## [Work request]
Below are lines of records; copy exactly those from the one containing "比亚迪王朝比亚迪海洋腾势方程豹都推出了7年低息买车方案" through the one containing "Управление Роспотребнадзора по", leaving the pictures behind.

## [Supplied information]
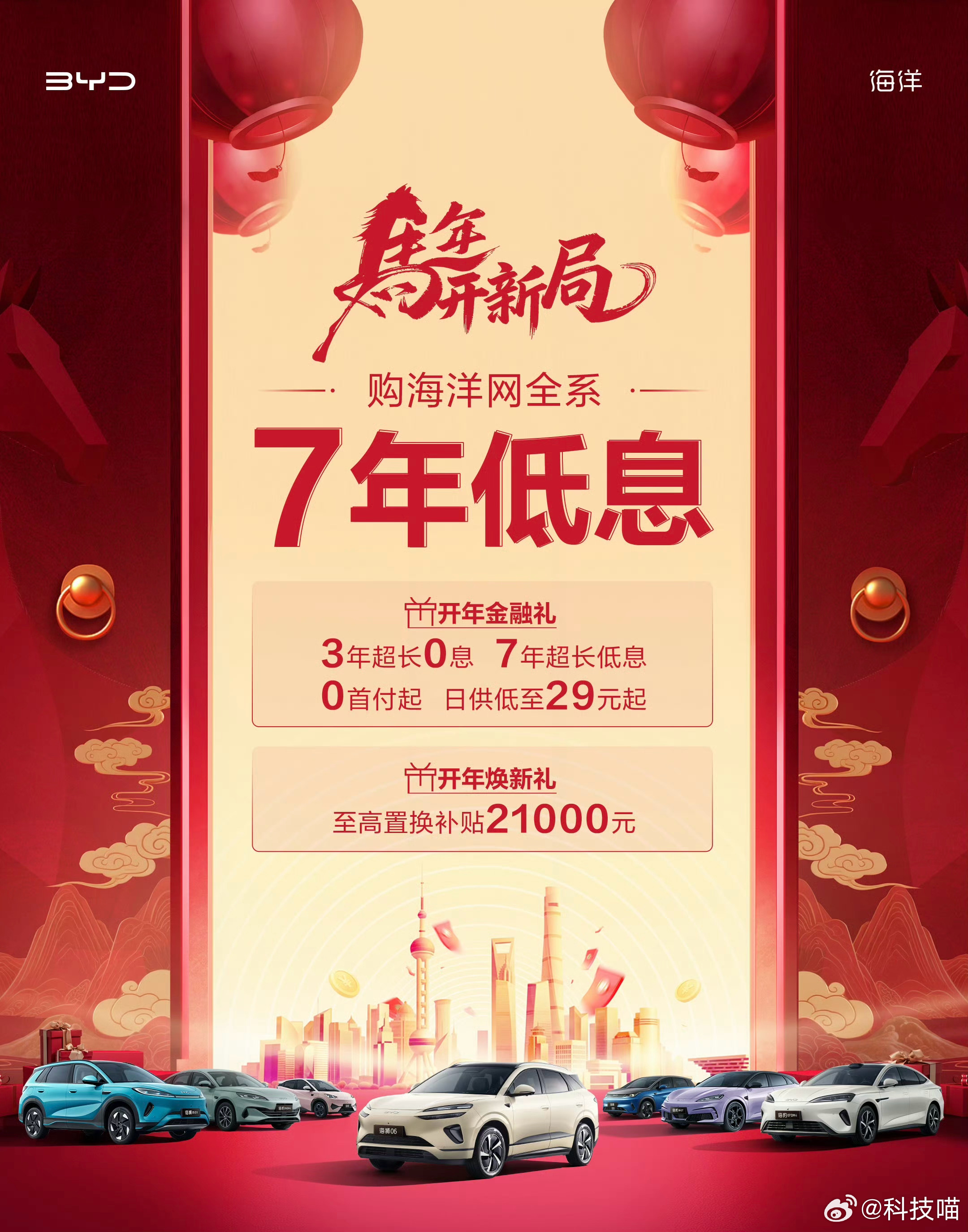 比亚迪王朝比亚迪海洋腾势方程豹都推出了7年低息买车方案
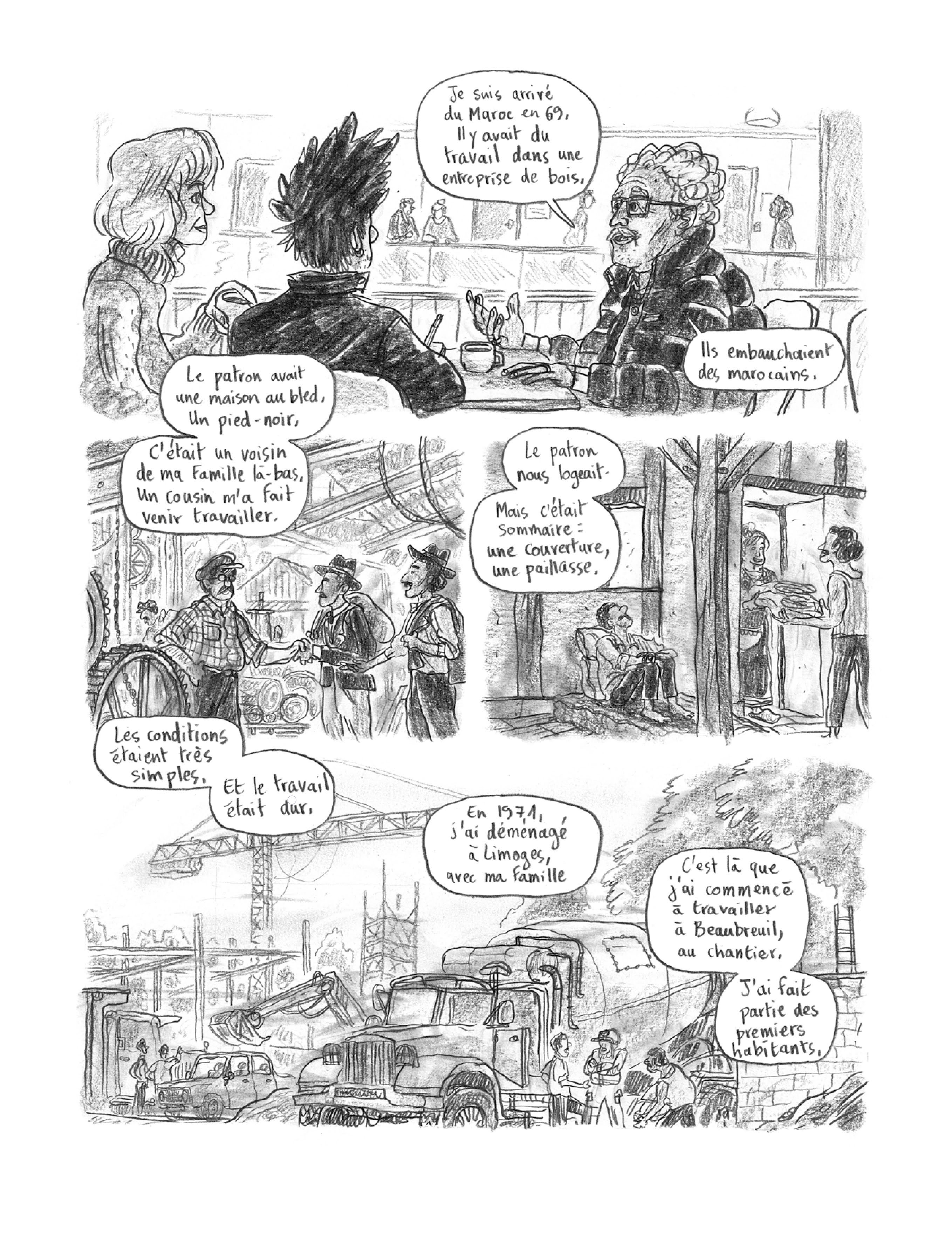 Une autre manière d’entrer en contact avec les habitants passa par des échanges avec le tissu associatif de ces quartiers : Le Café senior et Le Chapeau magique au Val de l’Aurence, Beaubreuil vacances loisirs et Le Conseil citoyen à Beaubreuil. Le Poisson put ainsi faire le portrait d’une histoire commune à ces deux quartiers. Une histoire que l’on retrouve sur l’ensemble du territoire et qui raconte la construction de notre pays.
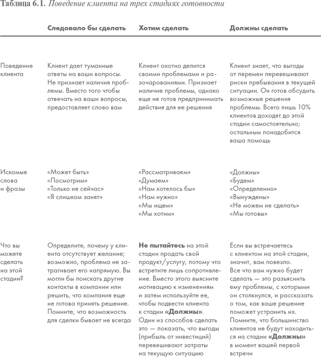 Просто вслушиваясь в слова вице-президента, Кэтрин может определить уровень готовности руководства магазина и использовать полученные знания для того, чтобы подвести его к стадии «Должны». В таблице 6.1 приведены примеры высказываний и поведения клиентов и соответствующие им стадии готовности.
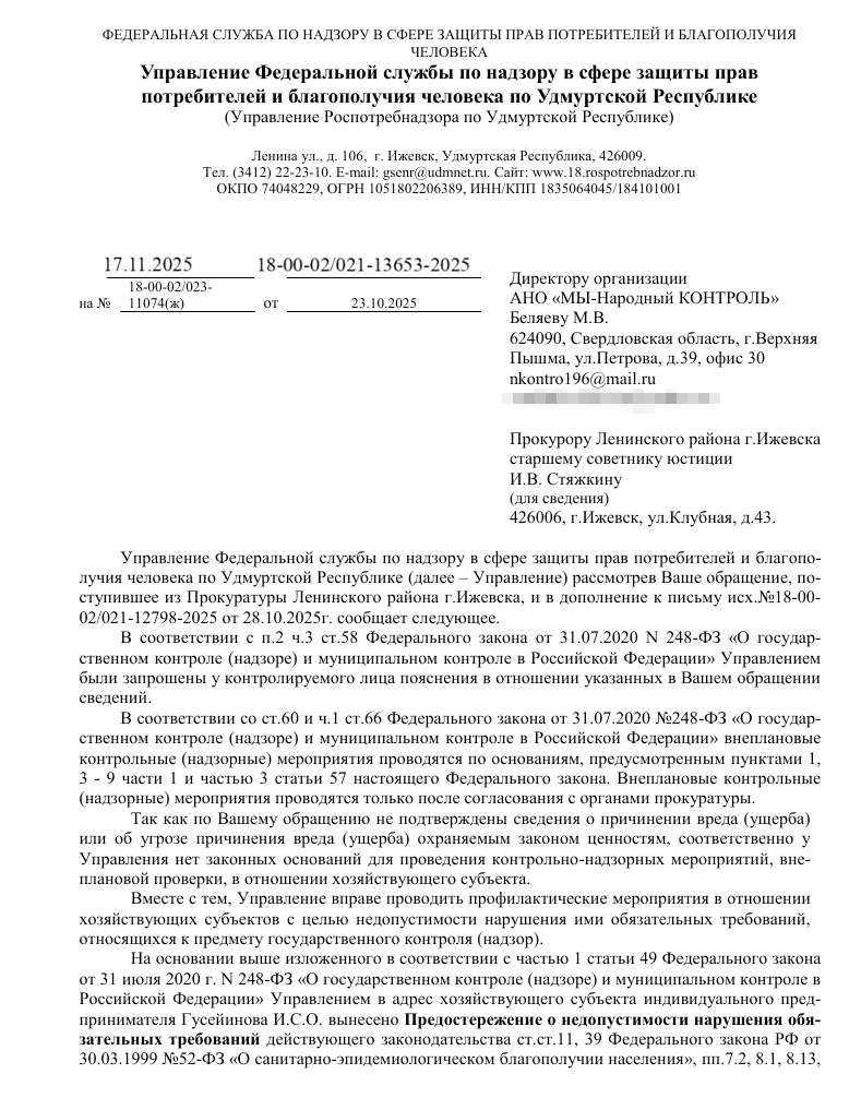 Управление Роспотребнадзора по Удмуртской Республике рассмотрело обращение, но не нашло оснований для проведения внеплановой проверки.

...

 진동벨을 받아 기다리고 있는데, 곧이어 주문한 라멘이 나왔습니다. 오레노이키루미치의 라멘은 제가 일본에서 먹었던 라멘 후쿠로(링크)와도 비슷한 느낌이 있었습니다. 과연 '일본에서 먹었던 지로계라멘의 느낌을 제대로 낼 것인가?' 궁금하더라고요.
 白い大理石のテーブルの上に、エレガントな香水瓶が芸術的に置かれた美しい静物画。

---

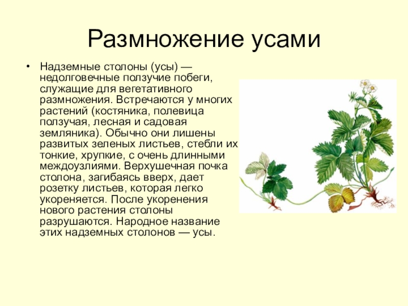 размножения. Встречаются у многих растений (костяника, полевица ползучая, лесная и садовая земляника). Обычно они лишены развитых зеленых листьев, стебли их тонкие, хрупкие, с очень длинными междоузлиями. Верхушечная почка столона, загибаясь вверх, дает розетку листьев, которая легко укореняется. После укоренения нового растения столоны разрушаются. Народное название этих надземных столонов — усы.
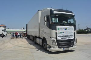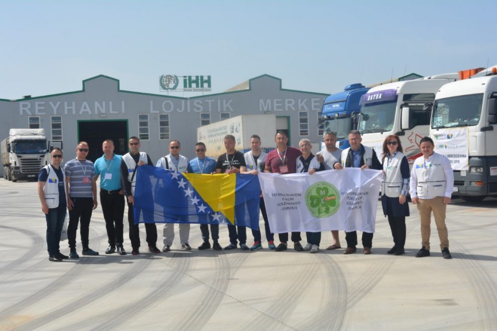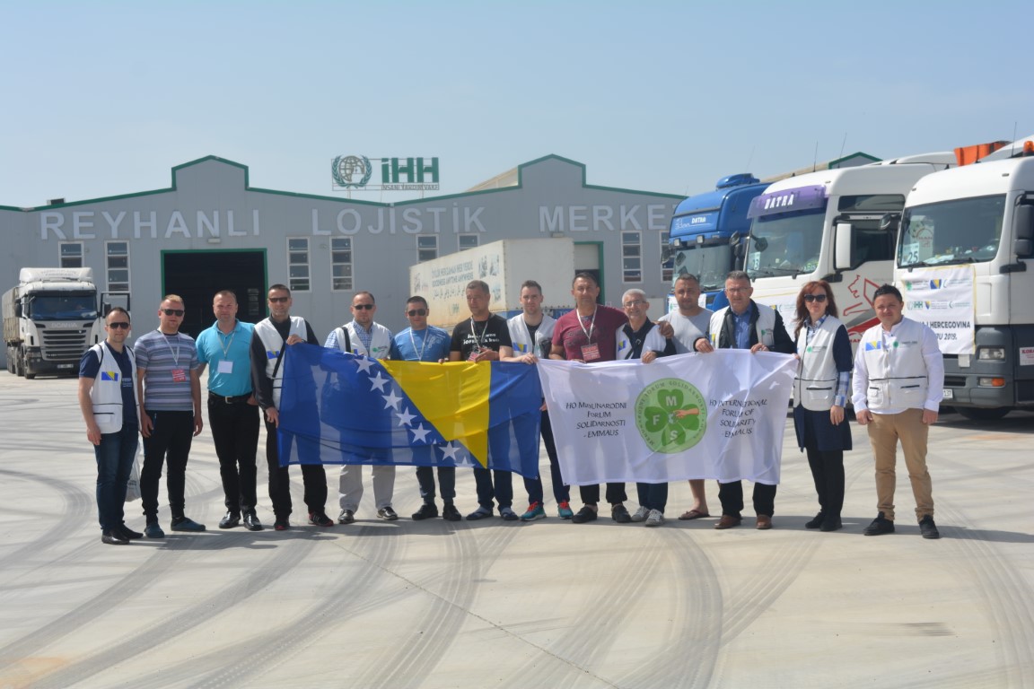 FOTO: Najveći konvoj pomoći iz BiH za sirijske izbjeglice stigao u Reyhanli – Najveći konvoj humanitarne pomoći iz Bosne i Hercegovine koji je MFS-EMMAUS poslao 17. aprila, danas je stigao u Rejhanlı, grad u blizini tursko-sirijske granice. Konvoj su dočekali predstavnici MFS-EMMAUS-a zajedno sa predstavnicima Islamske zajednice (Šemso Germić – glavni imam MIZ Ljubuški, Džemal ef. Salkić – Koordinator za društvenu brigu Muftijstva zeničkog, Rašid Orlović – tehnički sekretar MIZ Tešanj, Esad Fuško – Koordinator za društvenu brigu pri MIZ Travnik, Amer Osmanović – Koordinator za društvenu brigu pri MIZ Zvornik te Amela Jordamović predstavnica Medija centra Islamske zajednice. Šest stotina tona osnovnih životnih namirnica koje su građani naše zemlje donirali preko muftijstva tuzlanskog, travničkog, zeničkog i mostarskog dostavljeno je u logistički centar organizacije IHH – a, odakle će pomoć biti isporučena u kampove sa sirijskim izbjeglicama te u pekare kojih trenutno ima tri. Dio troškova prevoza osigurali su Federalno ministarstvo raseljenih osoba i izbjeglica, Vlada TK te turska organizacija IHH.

## [Result of this exercise]
 比亚迪王朝比亚迪海洋腾势方程豹都推出了7年低息买车方案
 Une autre manière d’entrer en contact avec les habitants passa par des échanges avec le tissu associatif de ces quartiers : Le Café senior et Le Chapeau magique au Val de l’Aurence, Beaubreuil vacances loisirs et Le Conseil citoyen à Beaubreuil. Le Poisson put ainsi faire le portrait d’une histoire commune à ces deux quartiers. Une histoire que l’on retrouve sur l’ensemble du territoire et qui raconte la construction de notre pays.
 Просто вслушиваясь в слова вице-президента, Кэтрин может определить уровень готовности руководства магазина и использовать полученные знания для того, чтобы подвести его к стадии «Должны». В таблице 6.1 приведены примеры высказываний и поведения клиентов и соответствующие им стадии готовности.
 Управление Роспотребнадзора по Удмуртской Республике рассмотрело обращение, но не нашло оснований для проведения внеплановой проверки.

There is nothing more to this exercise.